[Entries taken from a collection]
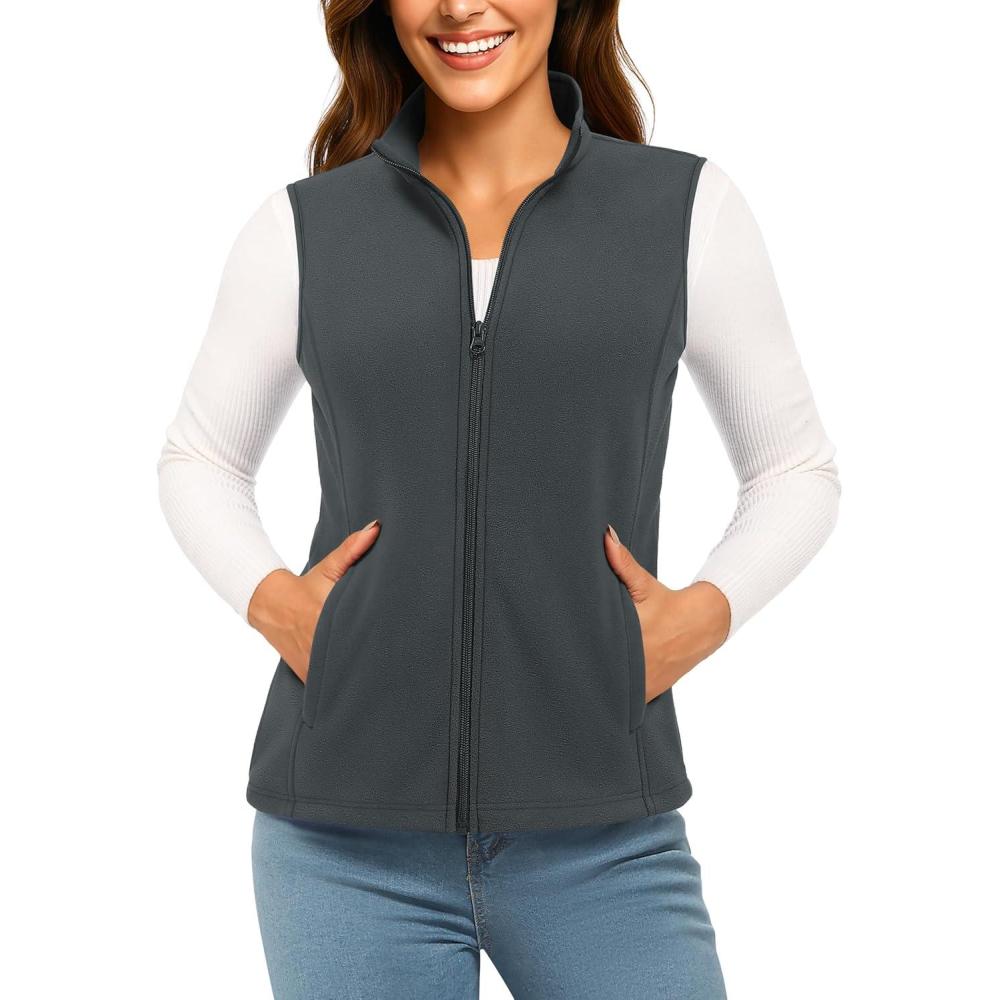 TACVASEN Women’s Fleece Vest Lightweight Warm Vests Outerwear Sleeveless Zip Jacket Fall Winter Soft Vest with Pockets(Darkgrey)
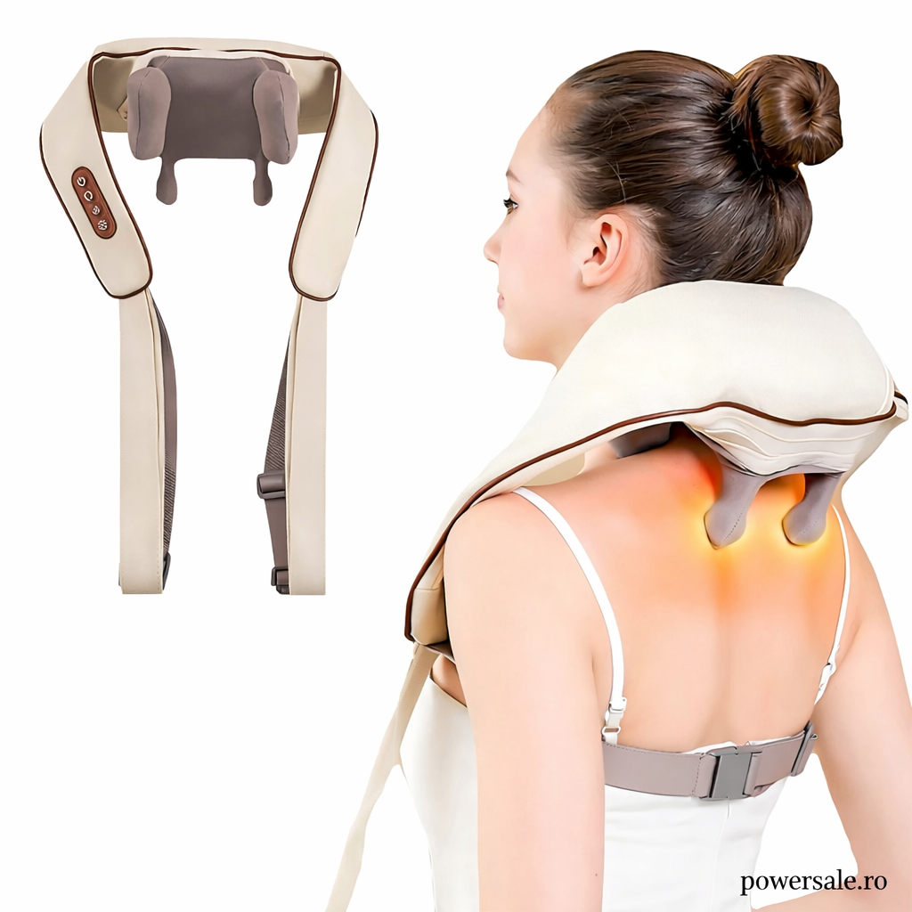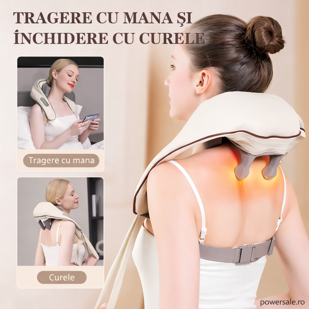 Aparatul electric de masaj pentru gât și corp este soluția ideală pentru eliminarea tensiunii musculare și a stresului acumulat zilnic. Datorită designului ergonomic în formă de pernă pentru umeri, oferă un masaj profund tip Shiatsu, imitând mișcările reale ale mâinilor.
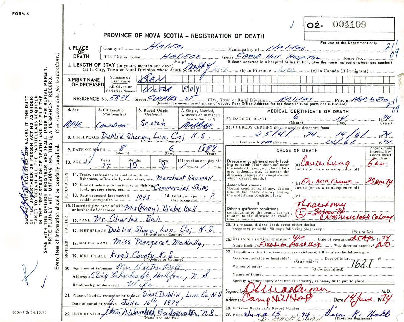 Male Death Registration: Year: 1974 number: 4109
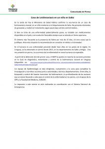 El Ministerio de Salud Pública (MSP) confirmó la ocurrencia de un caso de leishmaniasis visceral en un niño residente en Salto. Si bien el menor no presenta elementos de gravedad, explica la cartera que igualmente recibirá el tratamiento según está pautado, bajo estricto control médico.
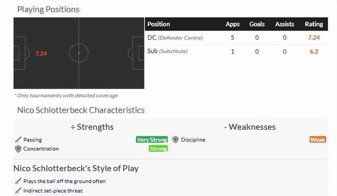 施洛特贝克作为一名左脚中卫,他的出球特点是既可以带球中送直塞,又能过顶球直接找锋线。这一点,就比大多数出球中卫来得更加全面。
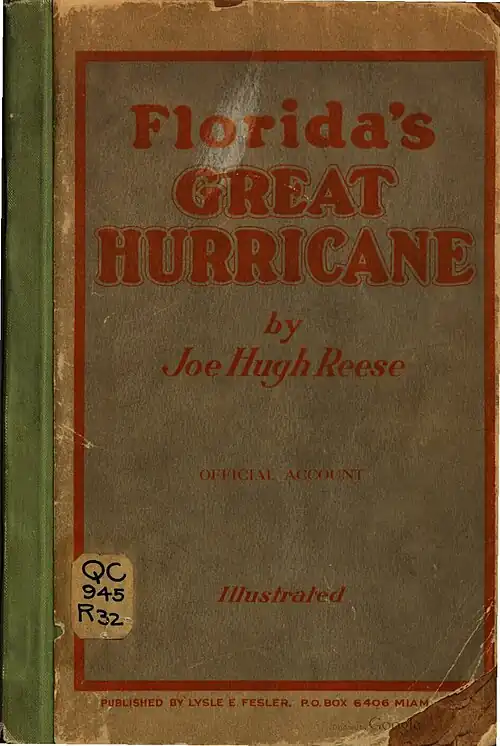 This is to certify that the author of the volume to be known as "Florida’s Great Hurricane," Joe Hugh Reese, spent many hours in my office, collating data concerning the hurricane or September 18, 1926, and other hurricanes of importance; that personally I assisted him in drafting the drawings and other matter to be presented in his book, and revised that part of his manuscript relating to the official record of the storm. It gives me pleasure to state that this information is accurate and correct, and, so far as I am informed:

What the exercise asks:
Exclude the pictures, then write out every record exactly as it stands.

Completed task:
 TACVASEN Women’s Fleece Vest Lightweight Warm Vests Outerwear Sleeveless Zip Jacket Fall Winter Soft Vest with Pockets(Darkgrey)
 Aparatul electric de masaj pentru gât și corp este soluția ideală pentru eliminarea tensiunii musculare și a stresului acumulat zilnic. Datorită designului ergonomic în formă de pernă pentru umeri, oferă un masaj profund tip Shiatsu, imitând mișcările reale ale mâinilor.
 Male Death Registration: Year: 1974 number: 4109
 El Ministerio de Salud Pública (MSP) confirmó la ocurrencia de un caso de leishmaniasis visceral en un niño residente en Salto. Si bien el menor no presenta elementos de gravedad, explica la cartera que igualmente recibirá el tratamiento según está pautado, bajo estricto control médico.
 施洛特贝克作为一名左脚中卫,他的出球特点是既可以带球中送直塞,又能过顶球直接找锋线。这一点,就比大多数出球中卫来得更加全面。
 This is to certify that the author of the volume to be known as "Florida’s Great Hurricane," Joe Hugh Reese, spent many hours in my office, collating data concerning the hurricane or September 18, 1926, and other hurricanes of importance; that personally I assisted him in drafting the drawings and other matter to be presented in his book, and revised that part of his manuscript relating to the official record of the storm. It gives me pleasure to state that this information is accurate and correct, and, so far as I am informed:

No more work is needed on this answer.